The last couple of days have been "Blog Against Theocracy" days. I didn't have my shit together to write a whole, fleshed out post for it. There should be some really interesting reading out there in thar internets.
I'm still sorting out how I feel about religion, but regardless, that's a private matter that has no place in civic life. I think that the French are way ahead of us on this one (well, they're way ahead of the US on a lot of stuff, but my francophilia can be another post). Where our constitution assures us that "Congress shall make no law respecting an establishment of religion, or prohibiting the free exercise thereof," France's revolution purposely set out to create a secular society. They made the decision that government and public life rely on certain morals or values, and that all are afforded rights, but these come from the people and the state and not from any god or church.

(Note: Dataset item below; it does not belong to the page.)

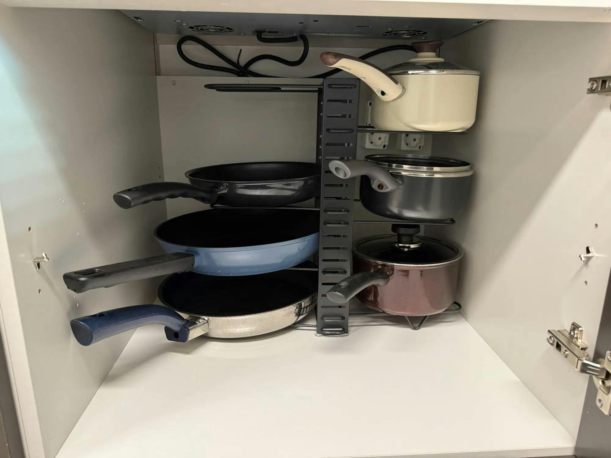 Say goodbye to chaotic cabinets and stacked pans!

Now, in practice, France's execution of these principles gets a little muddy.....wearing a crucifix to school is ok, but a headscarf isn't, for example....still, though, they're further along on kicking out theocracy.

I'm so troubled by the US's increasingly conservative, Christian leanings. Are they really increasing, though? I suppose the religious right has gotten much more publicity in recent years, but we are a country founded by whack-job puritans.......I dunno.....It's upsetting nonetheless.

I really wonder whether some people here realize that our country is the laughing stock of the first world, with schools trying to teach creationism, abysmal stances on women's health and abortion, general stupidity of a good portion of the population.....Yes, people laugh at and deride Americans. A lot.

Oh boy, I've strayed off the topic. Why do some Americans hold Iran up as being the epitome of all that is wrong with a government while trying to make ours look exactly the same. Seriously, the people in the Iranian government who charge around the streets making sure women's headscarves aren't slipping off? How's that so different from all these church youth groups that are urging teen girls to dress really modestly so as not to excite any boys. The boys, of course, can dress however they want. (Note that I'm differentiating between the one sided "women must cover up because men have no control" and traditions where modesty is encouraged for everyone.)

Um....Let's consider this Part 1. More later....

I must got pretend to be a catholic for a couple of hours......I'm getting paid to sing for easter and holy week services at a parish in Berkeley. It'll be fantastic money, but I'm getting really bored with it.

It's a wonderful sunny saturday! Get out of the house and stop hiding at the computer reading!!

Things To Be Aware Of

Monday, March 17, 2008

Several people have sent me links to interesting articles lately.

This first one is also a call to action. Celeste blogged about this article from the UK. An Iranian teenager fled to England on a student visa after being discovered with his boyfriend. While he was there, the boyfriend was put to death after being charged with sodomy. The UK won't give this boy asylum. I'm beyond appalled, obviously.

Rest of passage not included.